Forgiveness - an action that releases us from the actions of the past.
Politics is about the ability to create new beginnings.
HANNAH ARENDT (2-16-24)
Between Past and Future was written in 1954-1958 and published in 1961.
Arendt chose the six essays; however, she added 2 to those essays. These essays
emerge from living in the US as an immigrant (not a refugee). She is reflecting on
the events of the 1950s in the US - that’s when they started to become a
superpower.
In the 1950s, the American economy grew when it became the manufacturer of
many goods. While others were still trying to reconstruct. In the civil rights
movement, they were a bit backward in their system. They maintained a
segregated population (Jim Crow Laws).
In the civil rights movements, there were protests (mass rallies)
The post-war period is the time of decolonization for other countries (The Algerian
War was very violent, unlike others)
– ALL OF THESE WERE PART OF ARENDT’S THINKING

Xtian is like “now” and continues to heaven, then to eternity after the second
apparition of Christ.

Jewish conception of time is all about the present; the present connects the past
and future.
They re-read and make the past present of the story and live it in the present. It is
moving the future. She is very concerned about the space between the past and
the future. The space is freedom, and the interior within this space is thinking that
ends in acting that releases yourself from the necessity of the past and your action
toward the promised future.

Parables in the Jewish tradition are functionally different. What they do is tell a
different interpretation of the story.
Treasure - lost treasure of the revolutions - a reference to many revolutions that
happened in time.
1776 Philidelphia - Declaration of Independence. By signing it, they were
committing treason against Britain.
1789 Paris - French Revolution - Removal of the King and monarchs, creation of
the Republic.
1956 Budapest - Hungarian Revolution - revolt against communism, attempt to
escape communist party.

On Revolution - the idea of what the treasure is; the minimum requirement of
revolution is the change of government and its leadership.
Revolution creates new freedom. To release yourself from old ways.
In the PH, in 1986-1987 - there were no clear laws in the Philippines. (This is the
gap)
Gap - you are not tied to the past and don’t know what will happen in the future. In
that gap, you can create something new.
Revolution creates a treasure in which everyone can participate in creating
something new - this is public freedom (everyone in the public is creating
something new).
Over time, these changes can cause freedom to become lost.

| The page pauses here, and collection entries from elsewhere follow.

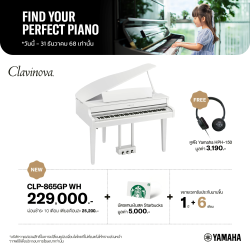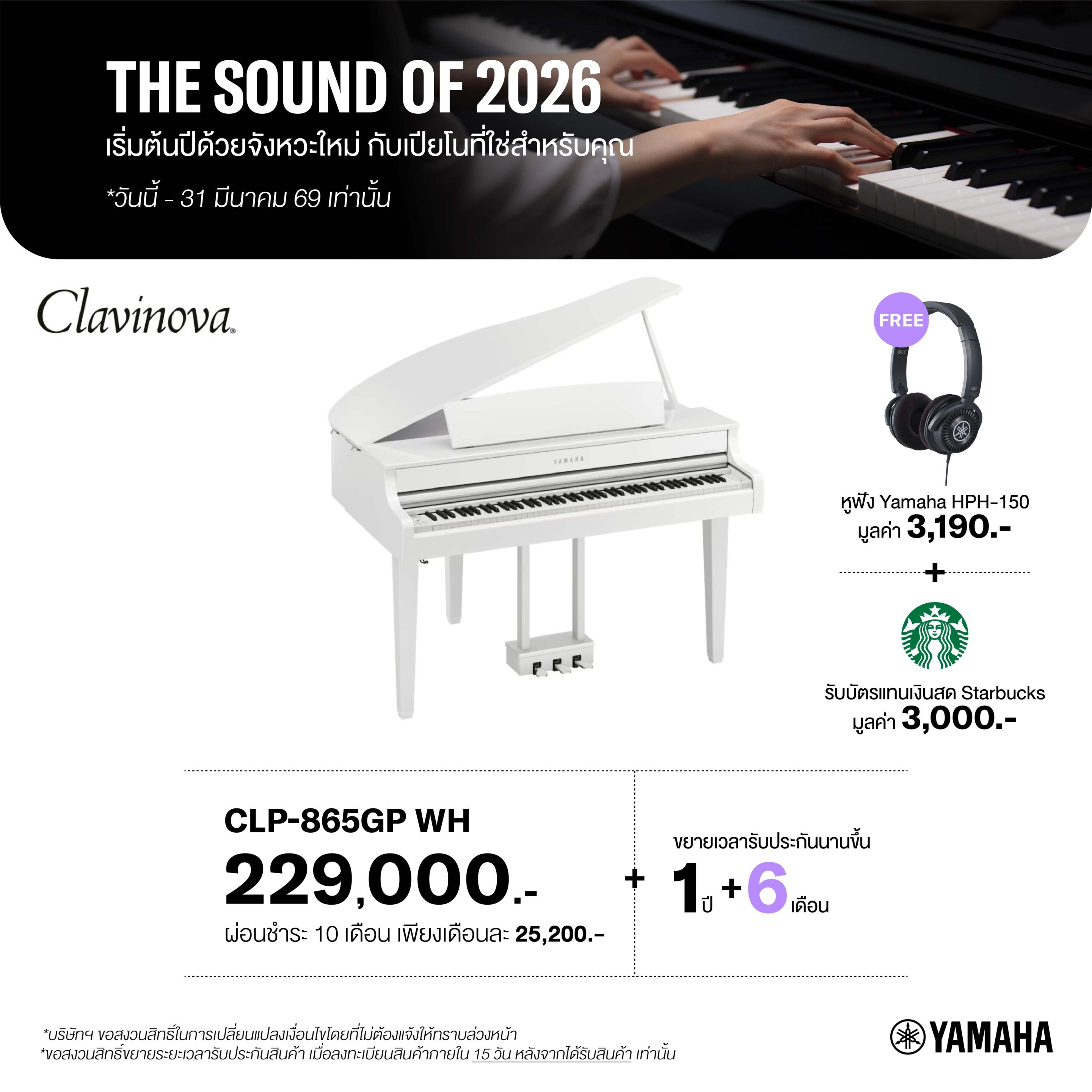 Yamaha CLP-865GP ใน Clavinova CLP ซีรีส์ ต้องการถ่ายทอดความรู้สึกและประสบการณ์ของการเล่นเปียโนแกรนด์อะคูสติกด้วยเครื่องดนตรีดิจิตอลโดยการผสานเทคโนโลยีดิจิตอลใหม่ล่าสุดเข้ากับการผลิตเปียโนอะคูสติกแบบทำมือที่สั่งสมมากว่า 120 ปี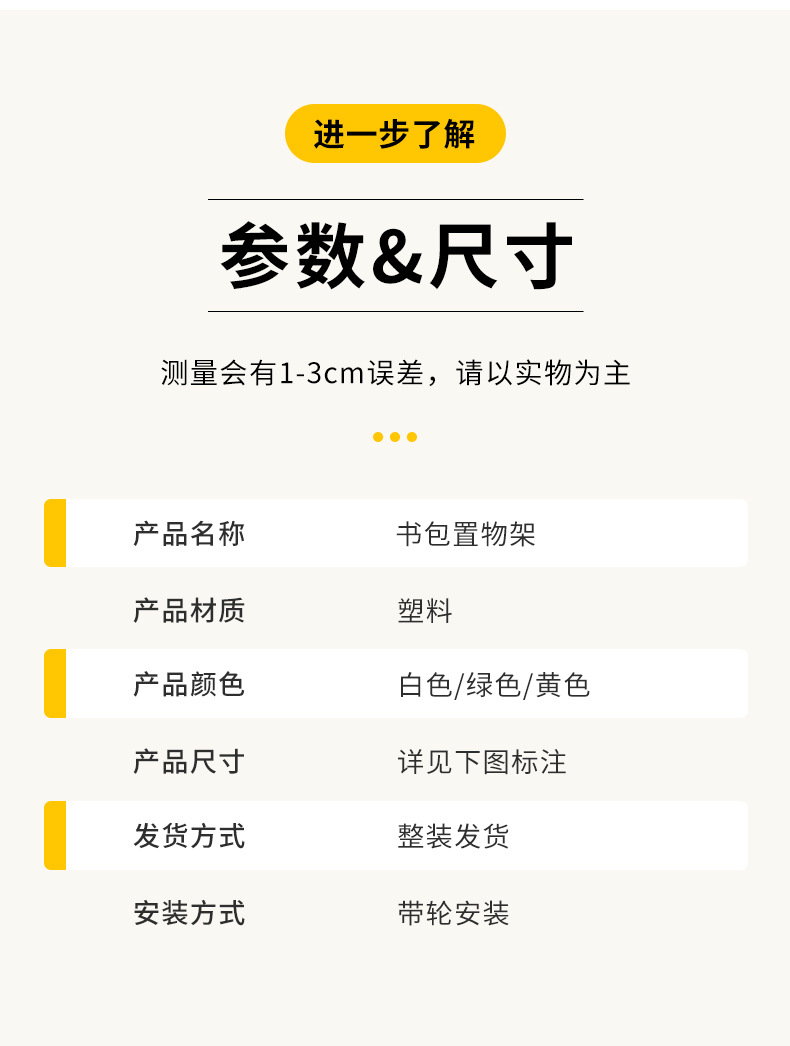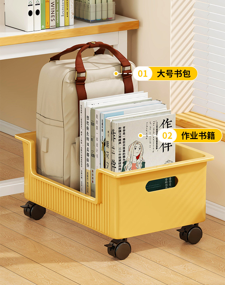 학교 가방 보관 랙 움직일 수있는 카트 책 보관 랙 아티팩트 홈 스터디 테이블 사이드 학교 가방 풀리 캐비닛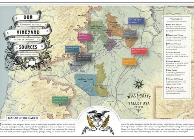 Purple Hands Vineyards celebrates site-specific pinot noir and chardonnay that unearth the Willamette Valley’s long evolutionary history. Using traditional winemaking techniques, they strive to produce wines that convey an honest expression of each of their vineyards—its grapevines and cultivation, soil and stone, sunshine and rain. All of their wines undergo native fermentation and remain unfined and unfiltered at bottling to preserve their natural, wild character. Achieving elegance in this pursuit is the passion and art of their craft.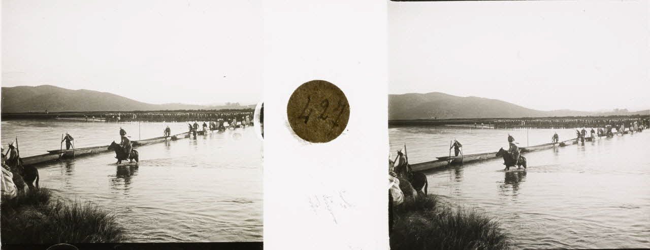 Passage d'une rivière à gué.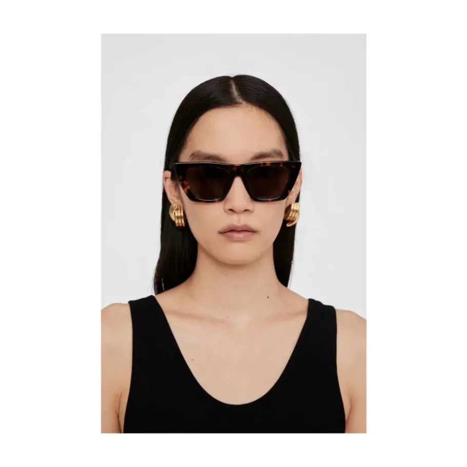Verhoog je stijl met de Paris zonnebril van Anine Bing, met een opvallend schildpadmontuur en bruine gepolariseerde lenzen. Belangrijkste kenmerken: Bruin | Acetaat | UV400 bescherming | Gouden logo op de linkerpoot | Hoekige vierkante vorm | Samenstelling en onderhoud: 100% acetaat | Reinig met een zachte doek.
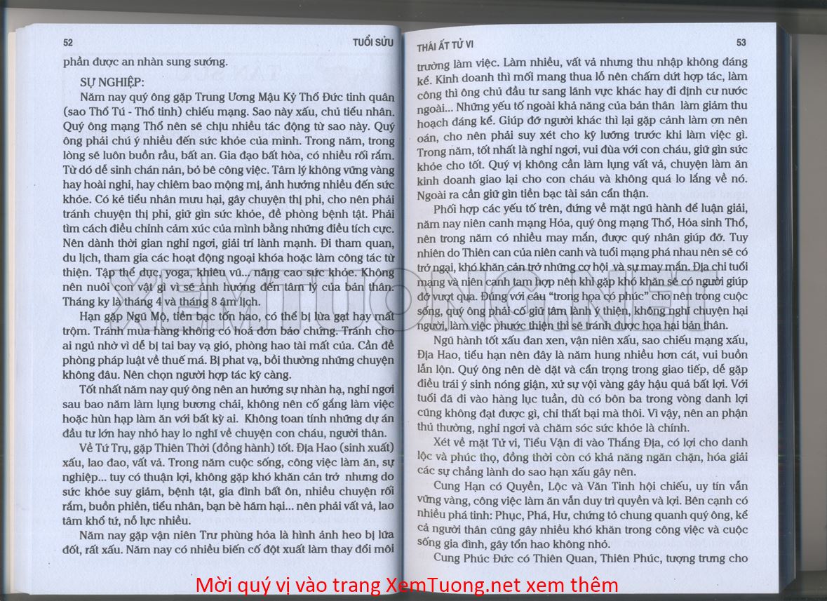 (Lưu ý: Thái Ất Tử Vi được chúng tôi scan từ sách, do đó mỗi tuổi sẽ có nhiều trang, quý vị xem xong hãy nhấn vào trang tiếp theo để xem hết phần tuổi muốn xem. Nếu quý vị xem bằng điện thoại thì hãy kéo qua lại để xem phần bị khuất.)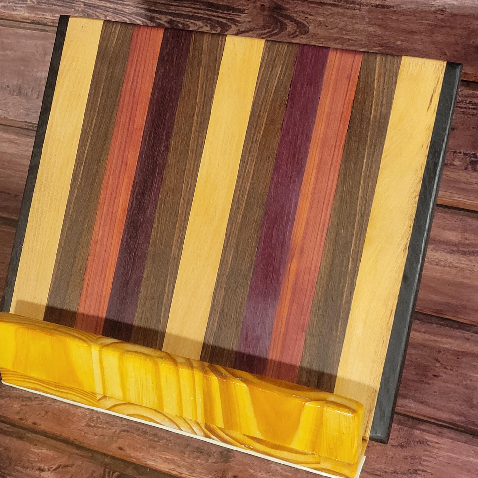 This stunning handcrafted cutting board is beautifully made with alternating stripes of exotic woods from all over the world, including African Padauk, Red Cedar, Curly Maple, Black Walnut, and Wenge. It will surely impress every guest in your kitchen when you pull this out! Each variety of wood has its own unique eye catching wood grain pattern and color which sets it apart from your typical cutting board. They come finished and ready for use, so no oiling required.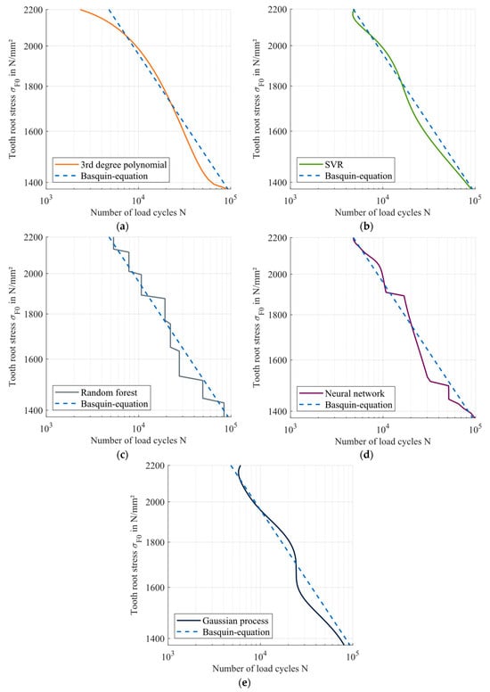 Since the publication of this approach back in 1910, the possibilities for data analysis have changed fundamentally. In particular, the advent of computers opened up new potential. In addition, recent developments in the field of machine learning have created new options for analyzing and describing data. In many fields of engineering, the application of machine learning enabled significant advancements, for example, in the field of condition monitoring [5,6,7]. The scope of this paper is to evaluate these methods for the description of the load-carrying capacity of gears. More precisely, this paper investigates various alternatives for the description of the load-carrying capacity in the load range of finite service life. The main question of this study is whether it is possible to reduce the scattering of the calculation results for the service life of gears under variable loads by applying one of the developed approaches compared to the results based on the approach, according to Basquin.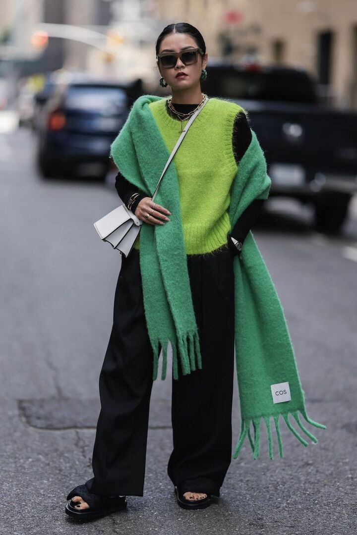 オフの日には、鮮やかな黄緑のニットベストと緑のストールを重ね好奇心を刺激。ポップに傾きすぎないのは、ほかのアイテムを黒で構成しているから。またワイドパンツとアッパーにボリュームのあるサンダルを使って重厚感を宿したことで、インパクトのあるカラーブロックと釣り合いを取ることに成功。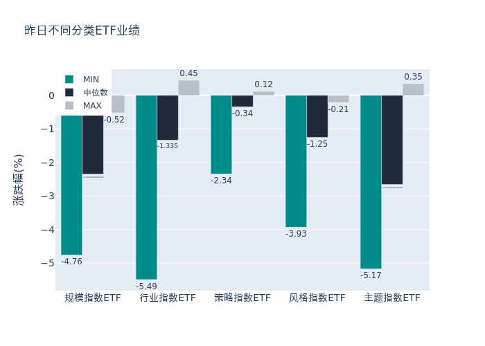 昨日股票型ETF收益率中位数为-1.92%。其中按照不同分类,规模指数中博时上证超大盘ETF收益率最高,为-0.52%;行业指数中富国中证800银行ETF收益率最高,为0.45%;策略指数中建信沪深300红利ETF收益率最高,为0.12%;风格指数中招商中证银行AH价格优选ETF收益率最高,为-0.21%;主题指数中黄金股ETF收益率最高,为0.35%。

We do have to
create somehow a common world that stabilizes that pure natality - that is the
function of the constitution. Constitution behaves like monuments for Ancient
Greece - to immortalize the image. The principles are embodied.
The question: How do we find the negotiation of the tension and the gap between
the past and the future?

The struggle between past and future, the continuous struggle, is about what I
already know, what I think is right, and what I hope for the future. This is her
thought on what makes action possible, and it is thinking.
In Life of the Mind, she uses the persona of Socrates as the thinker and the
metaphor of the wind. Whenever you think of a concept, Socrates gives another
thought. To think is to allow it to be always shaken and changed. To not be
totalitarian. To think is to have a dialogue; when we have a dialogue with others - I
am consistent and demanding that you believe my thoughts. And after the
dialogue, I dialogue with myself (solitude) - the third image of thinking.

Thinking leads to judgment. Thinking releases you to be able to decide for yourself
how you want to realize your will. It is in that gap that birth (and natality) happens.

Revolution is potentially emancipatory, but not really necessarily.